[Start of Attachment]
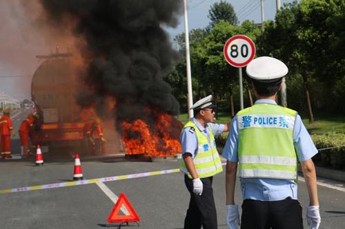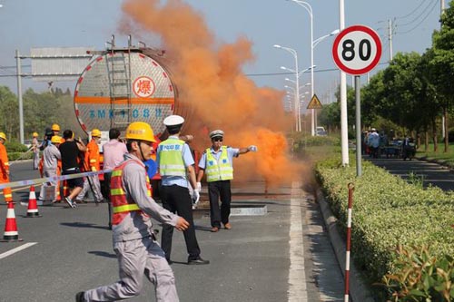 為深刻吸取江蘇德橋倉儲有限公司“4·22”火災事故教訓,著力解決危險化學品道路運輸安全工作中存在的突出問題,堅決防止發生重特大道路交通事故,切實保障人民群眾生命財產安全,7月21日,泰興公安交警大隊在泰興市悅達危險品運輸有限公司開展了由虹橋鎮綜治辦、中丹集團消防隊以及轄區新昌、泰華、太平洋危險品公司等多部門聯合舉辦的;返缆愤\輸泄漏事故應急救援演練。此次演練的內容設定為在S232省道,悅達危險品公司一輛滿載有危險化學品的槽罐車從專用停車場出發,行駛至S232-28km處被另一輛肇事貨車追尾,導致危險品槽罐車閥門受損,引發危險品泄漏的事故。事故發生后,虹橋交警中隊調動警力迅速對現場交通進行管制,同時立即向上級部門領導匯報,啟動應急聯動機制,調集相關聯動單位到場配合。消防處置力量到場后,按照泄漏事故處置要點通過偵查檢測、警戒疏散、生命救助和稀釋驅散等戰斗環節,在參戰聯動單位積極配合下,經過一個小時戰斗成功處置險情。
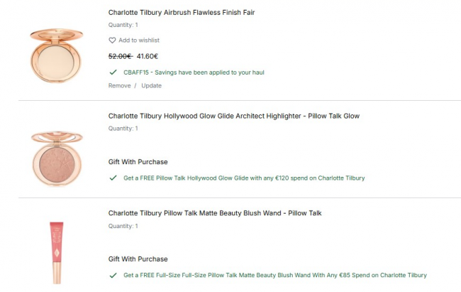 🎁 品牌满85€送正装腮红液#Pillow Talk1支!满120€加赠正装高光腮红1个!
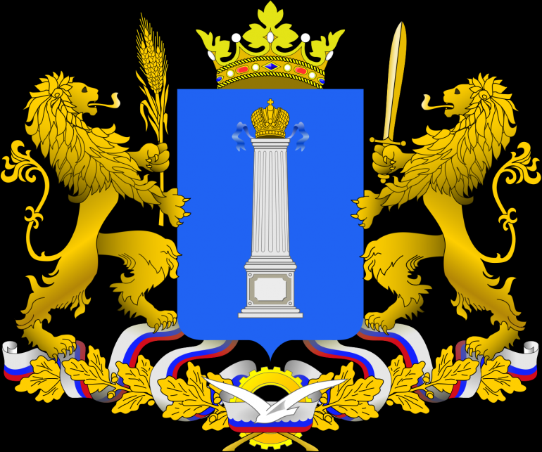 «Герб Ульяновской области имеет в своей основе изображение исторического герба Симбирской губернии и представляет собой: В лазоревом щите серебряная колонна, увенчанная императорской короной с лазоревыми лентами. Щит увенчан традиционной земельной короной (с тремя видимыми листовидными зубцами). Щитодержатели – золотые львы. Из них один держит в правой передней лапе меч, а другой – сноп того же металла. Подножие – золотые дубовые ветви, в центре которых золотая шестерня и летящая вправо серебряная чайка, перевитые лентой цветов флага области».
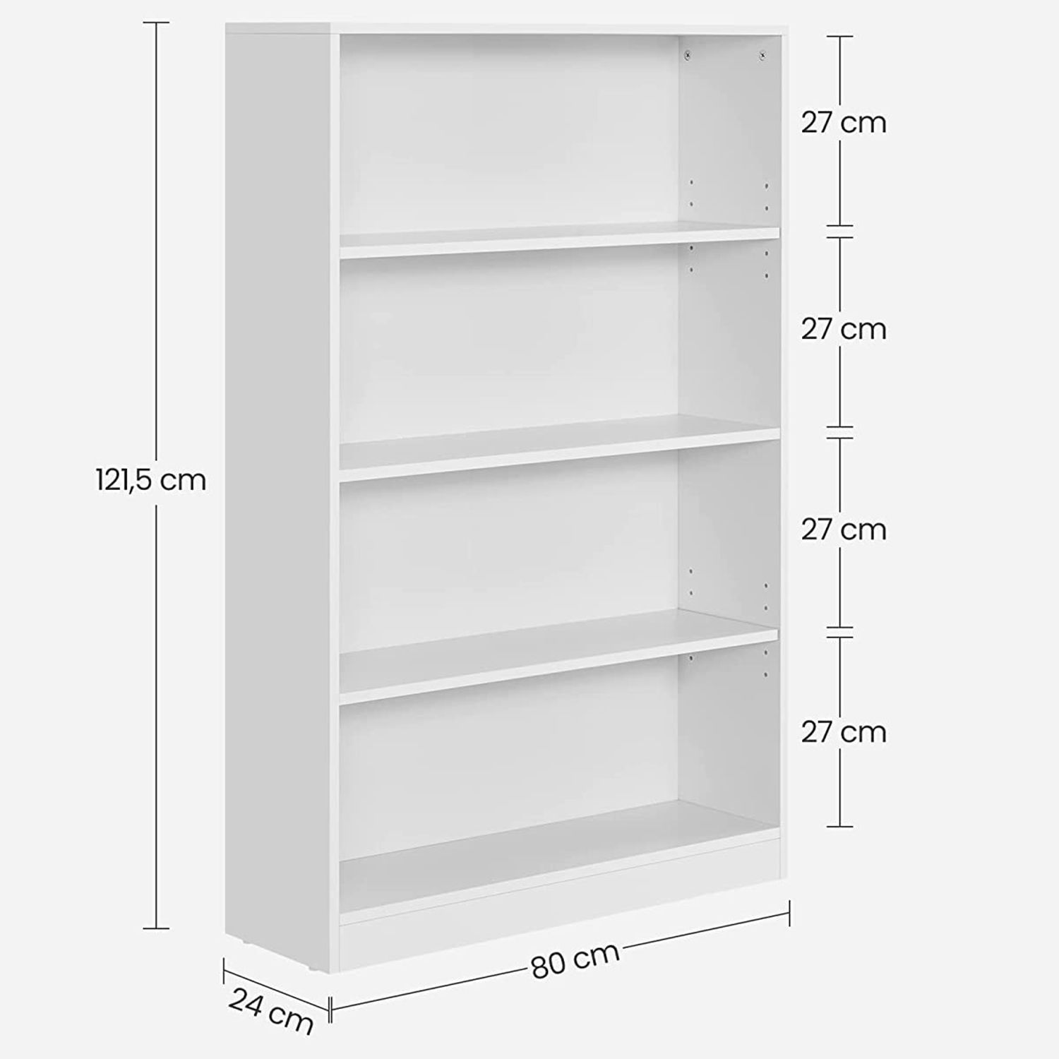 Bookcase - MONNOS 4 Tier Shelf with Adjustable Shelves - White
[End of Attachment]
• _WORK INSTRUCTION_: Retype the material in full, exactly as written, and exclude the pictures.

• _PROBLEM SOLUTION_:
 為深刻吸取江蘇德橋倉儲有限公司“4·22”火災事故教訓,著力解決危險化學品道路運輸安全工作中存在的突出問題,堅決防止發生重特大道路交通事故,切實保障人民群眾生命財產安全,7月21日,泰興公安交警大隊在泰興市悅達危險品運輸有限公司開展了由虹橋鎮綜治辦、中丹集團消防隊以及轄區新昌、泰華、太平洋危險品公司等多部門聯合舉辦的;返缆愤\輸泄漏事故應急救援演練。此次演練的內容設定為在S232省道,悅達危險品公司一輛滿載有危險化學品的槽罐車從專用停車場出發,行駛至S232-28km處被另一輛肇事貨車追尾,導致危險品槽罐車閥門受損,引發危險品泄漏的事故。事故發生后,虹橋交警中隊調動警力迅速對現場交通進行管制,同時立即向上級部門領導匯報,啟動應急聯動機制,調集相關聯動單位到場配合。消防處置力量到場后,按照泄漏事故處置要點通過偵查檢測、警戒疏散、生命救助和稀釋驅散等戰斗環節,在參戰聯動單位積極配合下,經過一個小時戰斗成功處置險情。
 🎁 品牌满85€送正装腮红液#Pillow Talk1支!满120€加赠正装高光腮红1个!
 «Герб Ульяновской области имеет в своей основе изображение исторического герба Симбирской губернии и представляет собой: В лазоревом щите серебряная колонна, увенчанная императорской короной с лазоревыми лентами. Щит увенчан традиционной земельной короной (с тремя видимыми листовидными зубцами). Щитодержатели – золотые львы. Из них один держит в правой передней лапе меч, а другой – сноп того же металла. Подножие – золотые дубовые ветви, в центре которых золотая шестерня и летящая вправо серебряная чайка, перевитые лентой цветов флага области».
 Bookcase - MONNOS 4 Tier Shelf with Adjustable Shelves - White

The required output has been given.